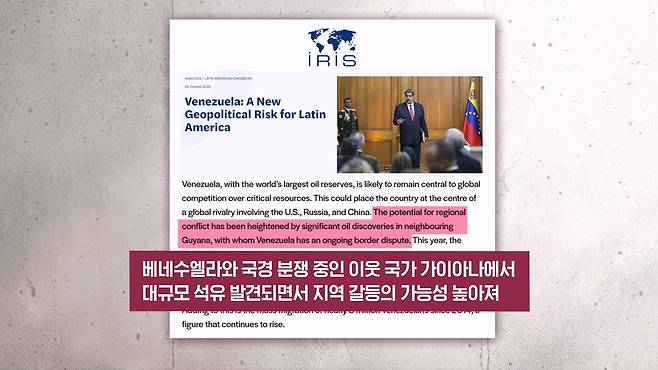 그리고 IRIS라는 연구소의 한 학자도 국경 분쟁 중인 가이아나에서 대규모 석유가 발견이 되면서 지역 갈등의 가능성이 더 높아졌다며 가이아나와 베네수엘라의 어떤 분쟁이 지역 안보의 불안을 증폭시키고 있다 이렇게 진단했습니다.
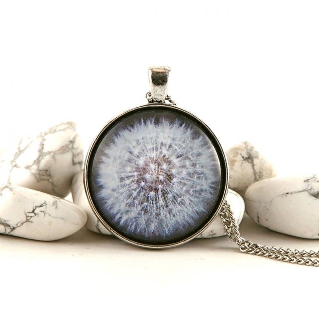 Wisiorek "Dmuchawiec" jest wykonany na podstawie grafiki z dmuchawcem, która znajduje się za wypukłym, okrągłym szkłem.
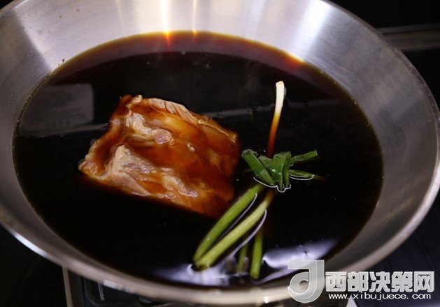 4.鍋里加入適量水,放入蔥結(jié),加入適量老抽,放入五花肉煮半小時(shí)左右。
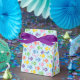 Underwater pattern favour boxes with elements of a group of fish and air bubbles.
━━━
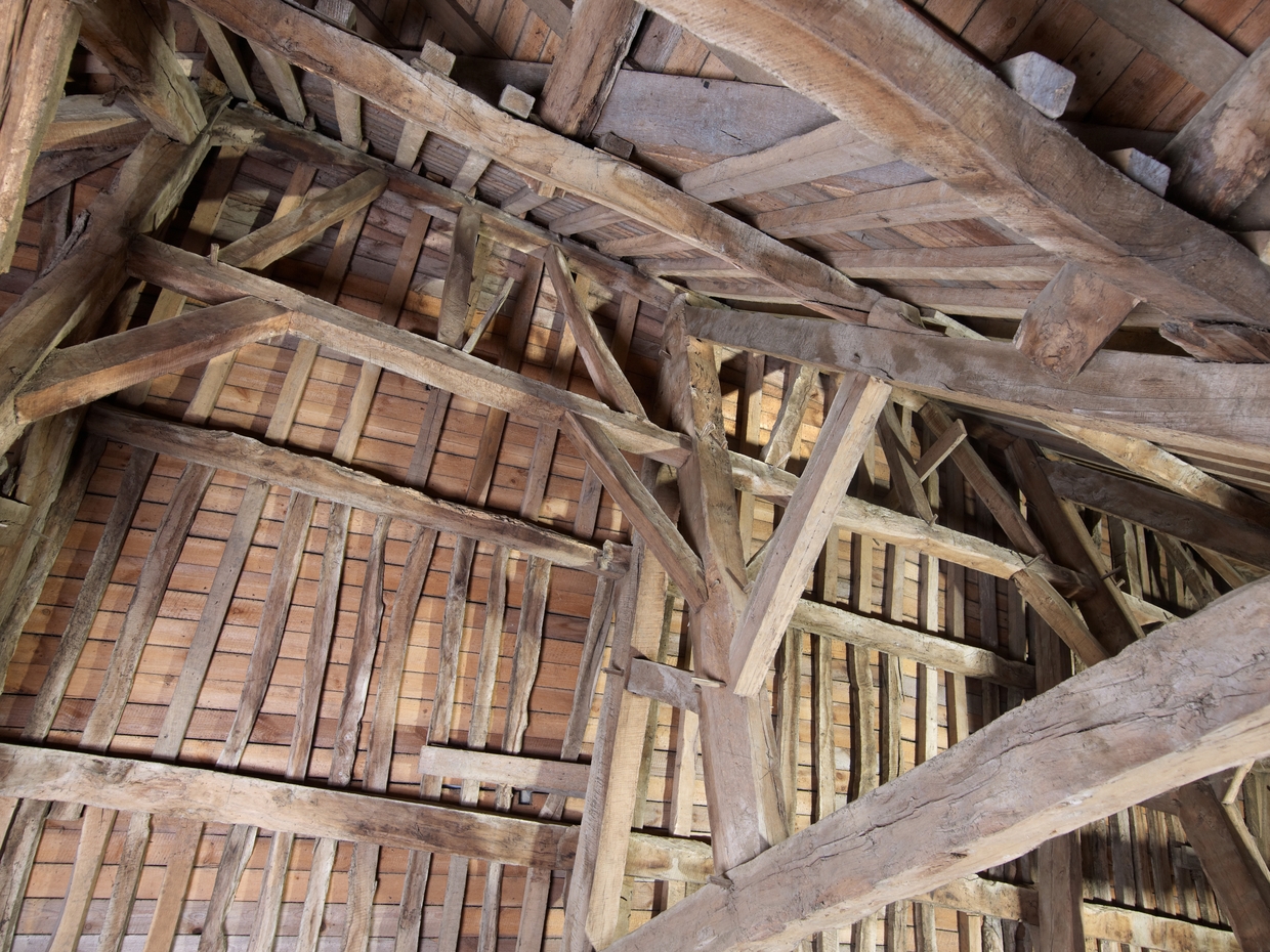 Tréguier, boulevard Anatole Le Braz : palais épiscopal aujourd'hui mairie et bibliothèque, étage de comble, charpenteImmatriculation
━━━
### [TASK]
Pictures are to be left out. Write out only the lines above starting at the one with "4.鍋里加入適量水,放入蔥結" and ending at the one with "Underwater pattern favour", both lines included, exactly.

### [WRITTEN SOLUTION]
 4.鍋里加入適量水,放入蔥結(jié),加入適量老抽,放入五花肉煮半小時(shí)左右。
 Underwater pattern favour boxes with elements of a group of fish and air bubbles.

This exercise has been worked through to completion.